** Dataset excerpt follows **
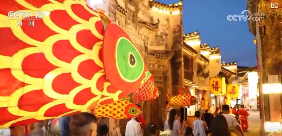 除此之外,当地还以自己独有的地方资源优势,以“非遗+古建”的创新融合,成为江西夜经济的新地标。晚上7点,上饶弦高城的灯光渐次亮起。百米长的鱼灯队伍从徽州古戏台前蜿蜒而出。游客们手持小鱼灯加入巡游队伍,光影在水巷与石板路间流淌。
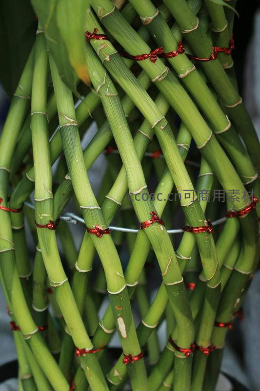 多根富贵竹用红绳巧妙编织成塔状造型,寓意吉祥如意,常用于家居装饰或节庆场合增添喜气氛围。
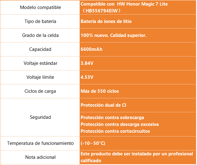 Batería Huawei Honor Magic 7 Lite HB556794EIW ORYRO
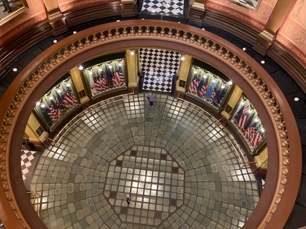 In the early 1980s I was a student at Michigan State University majoring in journalism. As part of my minor in political science, I did an internship at the Michigan capitol in Lansing with my State Representative. A couple mornings each week I worked in his office on the ground floor of the capitol. I became very familiar with the capitol building as I attended hearings, committee meetings and visited the offices of other legislators. One of my favorite spots was to stand on the glass floor under the dome and look up at the stars painted high above on the interior dome.
** End of Dataset excerpt **
• _Work task_:
An exact copy is needed of only the lines from the top of the material through the line with "Batería Huawei Honor"; no pictures belong in it.

• _Exercise solution_:
 除此之外,当地还以自己独有的地方资源优势,以“非遗+古建”的创新融合,成为江西夜经济的新地标。晚上7点,上饶弦高城的灯光渐次亮起。百米长的鱼灯队伍从徽州古戏台前蜿蜒而出。游客们手持小鱼灯加入巡游队伍,光影在水巷与石板路间流淌。
 多根富贵竹用红绳巧妙编织成塔状造型,寓意吉祥如意,常用于家居装饰或节庆场合增添喜气氛围。
 Batería Huawei Honor Magic 7 Lite HB556794EIW ORYRO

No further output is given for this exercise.